Dataset records:
+===+

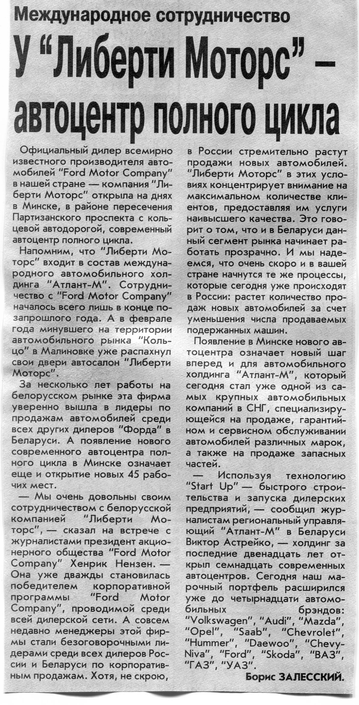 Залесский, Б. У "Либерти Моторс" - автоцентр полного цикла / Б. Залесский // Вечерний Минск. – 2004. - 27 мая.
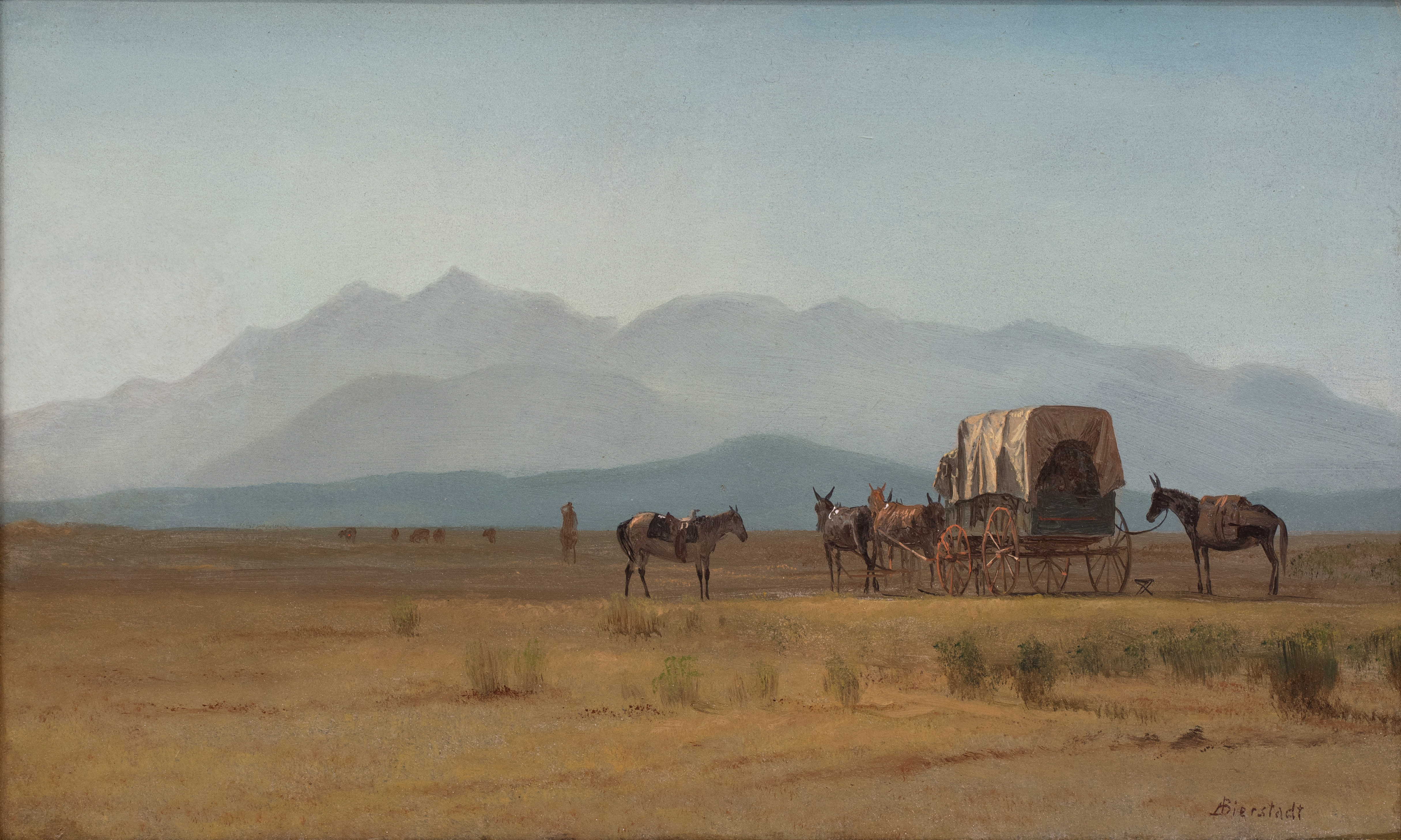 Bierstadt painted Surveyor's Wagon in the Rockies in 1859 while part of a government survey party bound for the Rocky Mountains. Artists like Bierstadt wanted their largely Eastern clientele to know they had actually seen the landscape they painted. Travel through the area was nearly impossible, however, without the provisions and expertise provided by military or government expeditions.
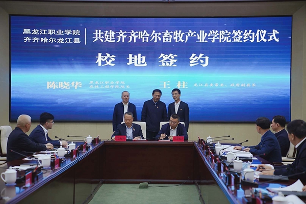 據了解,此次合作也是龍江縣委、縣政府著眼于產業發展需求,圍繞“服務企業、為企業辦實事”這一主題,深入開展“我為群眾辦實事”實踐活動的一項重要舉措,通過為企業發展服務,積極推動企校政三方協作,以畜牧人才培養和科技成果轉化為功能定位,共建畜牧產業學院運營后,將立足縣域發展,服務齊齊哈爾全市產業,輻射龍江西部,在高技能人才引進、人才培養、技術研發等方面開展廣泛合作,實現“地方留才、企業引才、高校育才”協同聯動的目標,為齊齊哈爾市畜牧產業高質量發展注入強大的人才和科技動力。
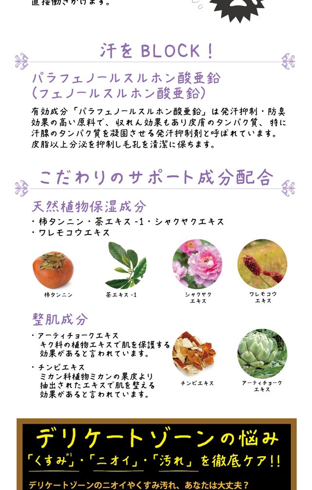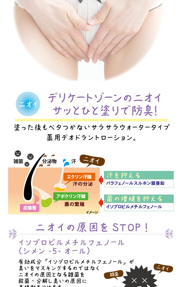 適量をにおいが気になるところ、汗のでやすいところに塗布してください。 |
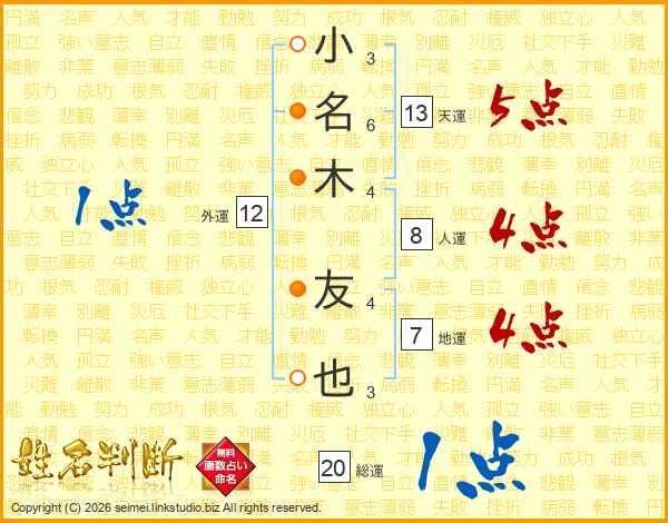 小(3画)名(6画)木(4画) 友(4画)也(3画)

+===+

= WHAT THE EXERCISE ASKS =
Nothing but the lines from the start of the records above through the line with "Bierstadt painted Surveyor's" should be retyped, each exactly as written; leave out all pictures.

= EXERCISE RESULT =
 Залесский, Б. У "Либерти Моторс" - автоцентр полного цикла / Б. Залесский // Вечерний Минск. – 2004. - 27 мая.
 Bierstadt painted Surveyor's Wagon in the Rockies in 1859 while part of a government survey party bound for the Rocky Mountains. Artists like Bierstadt wanted their largely Eastern clientele to know they had actually seen the landscape they painted. Travel through the area was nearly impossible, however, without the provisions and expertise provided by military or government expeditions.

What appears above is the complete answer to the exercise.